We already know that the logical address from the program to the linear address is completed by "descriptor", and "descriptor" is placed in the descriptor table, then there are many descriptors in a descriptor table, in the end Which descriptor is selected? This is determined by a claim, which will point out that the first few descriptors in the table have a dedicated term to describe, often referred to as "segment selector". "Segment Selection" consists of 2 bytes, and let's take a look at what information it provides:
(Figure 7)
among them:
RPL: Indicates the privilege level, 00 ~ 11, and four privilege levels, as described above.
Ti: 0 When this is an selected subsection of the global descriptor table, indicating a partial descriptor table when 1 is 1.

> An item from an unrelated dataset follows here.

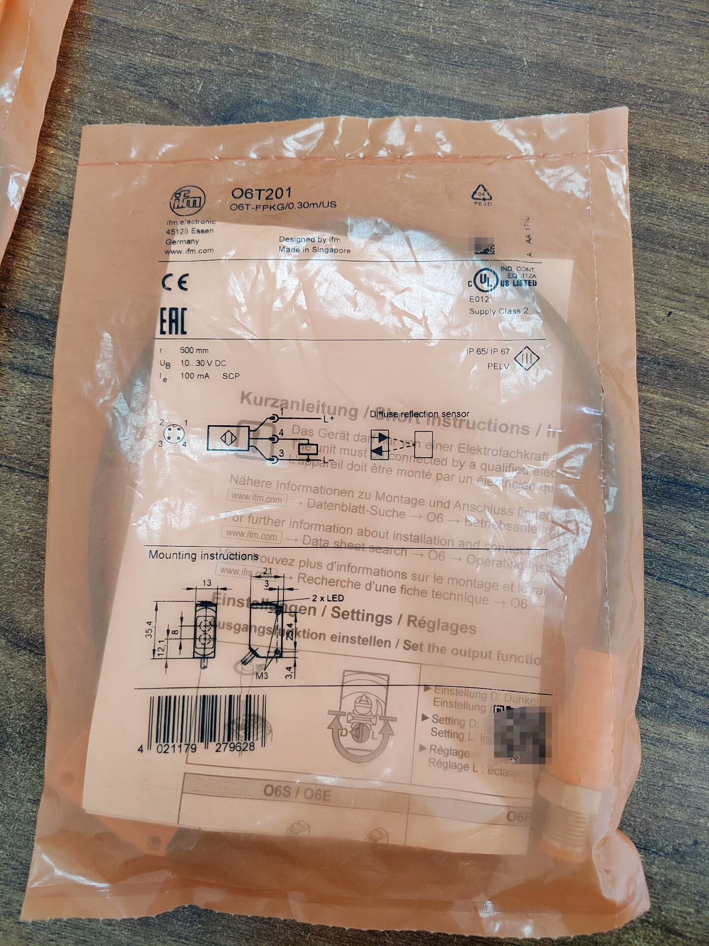 IFM易福门 O6T201 漫反射传感器产品说明

The index value: used to indicate the second descriptor in the table. The index value has a total of 13 bits, so each descriptor table can have 8K entries, and a group item is as previously described, therefore a descriptor table is up to 64K.

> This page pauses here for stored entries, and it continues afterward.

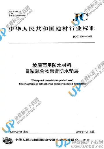 JC/T 1068-2008 坡屋面用防水材料 自粘聚合物沥青防水垫层
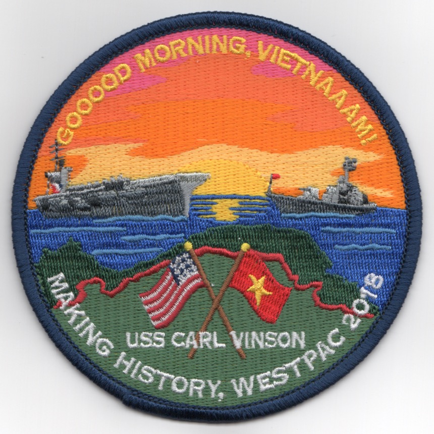 (Another AV8RSTUFF creation): This is yet another of the 2018 cruise patches for VFA-2/CVN-72/CVW-2 created for their Cruise. It is made with the new “hybrid” technology which allows the greatest detail ever made on a “stitched” patch. Absolutely beautiful patch and another of their many cruise patches for this deployment! This one was created for their port call into Vietnam, the first for a US Aircraft Carrier since the Vietnam War. Its says “GOOOOD MORNING, VIETNAAAM!!!” across the top and “MAKING HISTORY, WESTPAC 2018” along the bottom. This patch does not come with velcro attached.
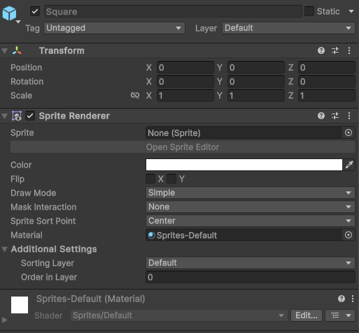 Square라는 Sprite Renderer가 달린 게임오브젝트를 프리팹으로 만듭니다.

I don't know if you pay attention to such a fact. If you select the last 3 position bit of "Segment Selection], this whole segment selector is actually a descriptor in the descriptor table! Here we can find that Intel's engineer is really very delicate, so arrangement, you can make the speed of choosing a descriptor, because the last 3 digits of the segment is clear and the descriptor table The base is added, and the physical address of a descriptor can be obtained immediately. You can get a descriptor directly through this address. So where is the base address of this descriptor table?
The base address for the descriptor table is the start address of this descriptor table in memory, that is, the memory address in which the first descriptor in the table is located, and the system is stored in two special registers, one for Store the base address of the global descriptor table, called "Global Descriptor Table Register (GDTR)", another base address for depositing a local descriptor table, called "local descriptor table register (LDTR)", Their structure is shown below: (Figure 8)

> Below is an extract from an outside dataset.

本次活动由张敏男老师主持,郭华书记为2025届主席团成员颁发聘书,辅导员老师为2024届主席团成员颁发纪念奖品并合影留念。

Among them, the table is limited to the size limit of the table, and its use is similar to the species described above, so it is not described herein.
In the protection mode, the segment register in the previous mode is still useful, but it is not in the base address used to store the segment, but is used to store "segment selection sub-", its name also become "segment selector Register ", when accessing memory, we need to give" Segment Select Subs ", not a section base address.
For example, I now want to use the second entry in the global descriptor table, that is, the second "segment descriptor", this "segment selector" needs to be constructed as follows:
RPL: 00, because we are now writing operating systems, working in 0 privileges
TI: 0, we use global descriptor
Code value: 01, we use the second global descriptor, the first global descriptor number is 0, the second is 1, and the binary representation is 01.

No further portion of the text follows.